Речь идет не просто о массовом сознании в условиях гитлеровской Германии, сталинщины, полпотовской Кампучии и подобных исторических «экспериментов», а о действительном проникновении и развитии в общественном самосознании идеи возможности, а то и необходимости человекоубийства. Фашизм, левый и правый экстремизм, терроризм, в том числе и международный, националистический и религиозный фанатизм – лишь крайние проявления такого самосознания. Призывы расправиться, отомстить, расстрелять и повесить всех, кто проявляет инакомыслие, проникающие на страницы газет, – свидетельство наличия таких тенденций в архетипах сознания. «Опыт» концлагерей, индустрии средств массового уничтожения, политический геноцид, экологические катастрофы, угроза ядерного самоуничтожения – все это создает массовую психопатологию феномена массовых убийств беззащитных людей. Это мир, в котором действуют не столько конкретные люди, сколько (в том числе и возможные) палачи и жертвы, «твари дрожащие» и «право имеющие». То, о чем только размышлял Достоевский, ставя мысленные эксперименты о возможности счастливого мира на основах разума, построенного на «слезе ребенка», обернулось реальностью, в которой дети просят сидя надо рвом под дулом автомата: «Дядя, скорей!».

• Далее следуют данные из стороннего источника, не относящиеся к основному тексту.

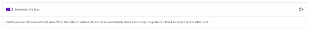 Protect your site with automated site scans. When this feature is enabled, the site will be automatically scanned twice a day. If a problem is found, an email is sent to select users.

Реплика В. В. Розанова о том, что есть только две философии – выпоротого и ищущего, кого бы еще выпороть, в начале века могла выглядеть остроумным парадоксом. Сейчас, в контексте опыта XX столетия, мысль эта выглядит зловещей, по-своему пророческой. Исторически человечество накапливало и теперь накопило такую силу, столько средств массового уничтожения, что их достаточно, чтобы убить каждого жителя планеты больше чем четыре раза! Вот и происходит расслоение на безвольных и рвущихся к «красной кнопке», готовых к решению вопроса «быть или не быть» в плане «быть – им», а «не быть – всем прочим».
Обе стороны рационалистической нравственности – и «принцип Бармалея» и «парадокс ригоризма» – сходятся в главном – программируемости мира и поведения неким универсальным законом. Поэтому буквально «все разумное действительно, а все действительное разумно» и, значит, – справедливо. Причем справедливо и для палачей и для жертв, для выпоротых и для ищущих, кого бы еще выпороть. Раньше уже говорилось о «синдроме палача» – его обиде на непонятливость жертв в справедливости их казни. На воротах фашистского комбината смерти красовалась умиротворяющая надпись «каждому свое».